Immediately, I am reminded of one of the simplest, and most elegant Olympic three-metre springboard dives – the "half gainer," which can be done in either the pike or layout position. I prefer the layout, because, when performed by an expert, it is a slow-motion aerial ballet, so unlike the triple-twisting, double-back somersaults, whose rotational speeds reduce the diver to a visual blur. For the half gainer, the diver heads off the board frontward with a high vertical leap, and then, slowly, giving the illusion of stalling in mid-air, rotates backward to face the board upside down in a graceful arc, before descending headfirst into the water. Were the trajectory extended below the pool it would end, straight as a ruler, like a surveyor's plumb-bob, at the centre of the Earth. If executed perfectly, the entry produces a quiet, nearly splashless, soft sucking "swoof."

And so it is with our pizza. It leaves the peel, somehow rises a bit above the chef's shoulder, completes a 180-degree rotation, and lands upside down on the floor with a faint slapping sound – exactly parallel to the tiles.
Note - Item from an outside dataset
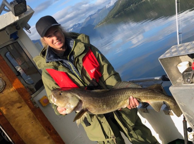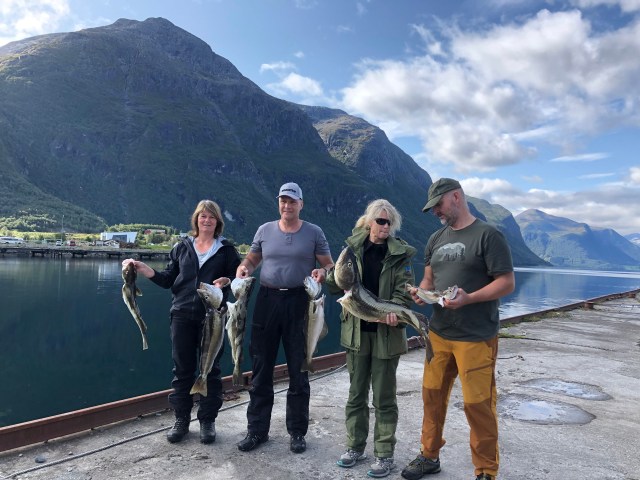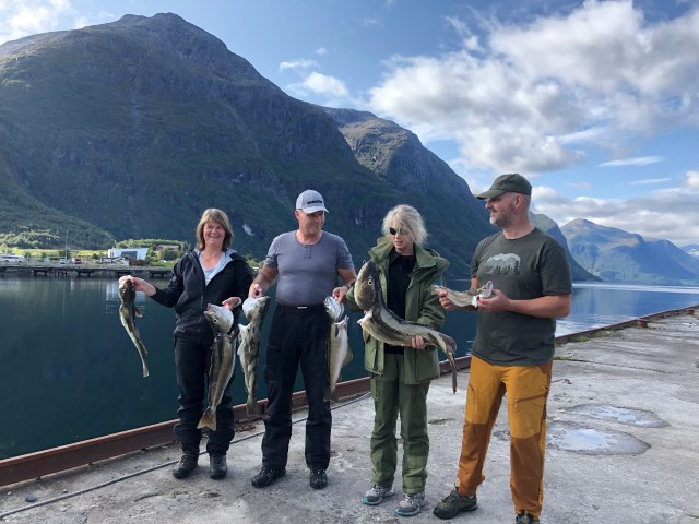 Fy trøen skinn….I dag kom mårran brått æltså 😴 Vi sto opp klokka seks med forskjellige varianter tå smale auer. Fekk ordne litt frokost og kaffe, pakke og vaske hytta. Så var det å rese ner på brygga tell klokka var åtte. Hæn som rår over været var i godlune idag og hæn. Solskinn og blikk hav, kan itte bli bære enn det, og ætter bære en bitteliten kjøretur dukka fisken opp på ekkoloddet hass John 🤗🎣🎣. Ælle slæppte uti og jaggu bet det på med en gong 😃

I would have scored it a 9.5.

There follows an awkward moment as the chef, peel blade on the floor like a little kid with a tiny snow shovel, gingerly lifts the edge of the margherita to assess his predicament, taking into account the surface quality of the kitchen floor, the adhesive nature of tomato, mozzarella and basil, the profit margin of his pizzeria and the observational skills of his only two foreign patrons. His eyes then flick toward me, and he knows I saw it all. I am nudging my wife, Christine, and pointing. The jig is up. He scoops the pizza into a bin.

It had taken a while to make the pie, so we are a little frustrated that we will have to wait for the second attempt. The place is now full of customers, all tables taken, some hopefuls stand at the door.

Our second pie arrives without incident. È delizioso! But the chefs have ramped up production and the kitchen looks frantic. We order more wine, and watch. I'm thinking I could get to see another of my favourite dives.